- Born: Lucie Poujoulat 1839 Saint-Étienne, France
- Died: 31 December 1908 (aged 69) Paris, France
- Occupations: medium; feminist prophet; magazine founder; writer;
- Spouse: Adolphe Grange (d. 1886)
- Writing career
- Pen name: Habimélah
- Language: French
- Notable work: La Lumière

= Lucie Grange =

Lucie Anne Grange ( Poujoulat; 1839 - 31 December 1908) was a French medium and feminist prophet, her mystic name being Habimélah. She was the founder and editor of a monthly spiritualist journal, La Lumière.

==Biography==
Lucie Poujoulat was born in 1839, in Saint-Étienne. During the Second French Empire, she was a Republican and her husband, Adolphe Grange, was a freemason. Both joined the spiritist movement in 1876, and in 1882, founded the monthly paper, La Lumière, a type of Republican spiritist publication. Advertised as a journal set on covering spiritualism in all its aspects, it boasted that highly competent writers contributed to its pages. Readers could not become subscribers but could join a "knighthood" offering free subscriptions to the publication for those who were not able to pay. She was part of the governing body of the "Societe de Librairie Spirte". Grange also wrote articles for La Lumière, such as "Dathan de Saint-Cyr, Publiciste, Poète, Explorateur." (February, 1904).

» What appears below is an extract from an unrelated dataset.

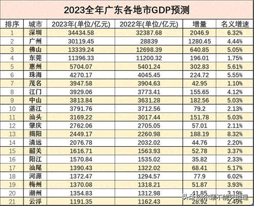 2023广东各地市GDP排名出炉;广州破三万亿,这几个城市增速明显
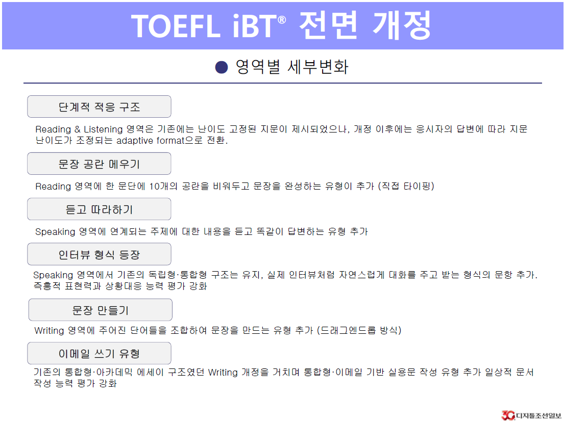 디지틀조선일보는 2026년 1월 21일부터 전면 개편되는 TOEFL iBT® 시험을 완벽하게 대비할 수 있는 “ETS공식토플모의고사”를 12월 11일 출시했다고 12일 밝혔다.

After she was widowed in April 1886, Grange became a medium and created her own movement, a kind of religion for the communion of love based on fluidic energy. She then declared herself a prophet and affirmed that Mary, Moses, and Saint John had called her "Lumière" (Light) and charged her with guiding men using the mystic name, "Habimelah", or shortened to "Hab".

Grange saw the poet Virgil very distinctly, and published this account in the 25 September 1884 issue of her magazine:—"Virgil, crowned with laurels. A strong face, rather long, prominent nose with a lump on one side, dark grey eyes, dark brown hair. He is clothed in a long robe. Virgil has the appearance of a strong healthy man. As he appeared to me he repeated the Latin line: 'Tu Marcellus eris'." She believed in the coming of a "new Eve" responsible for restoring her primitive androgenism to God, and she campaigned for women's rights. She died 31 December 1908, in Paris.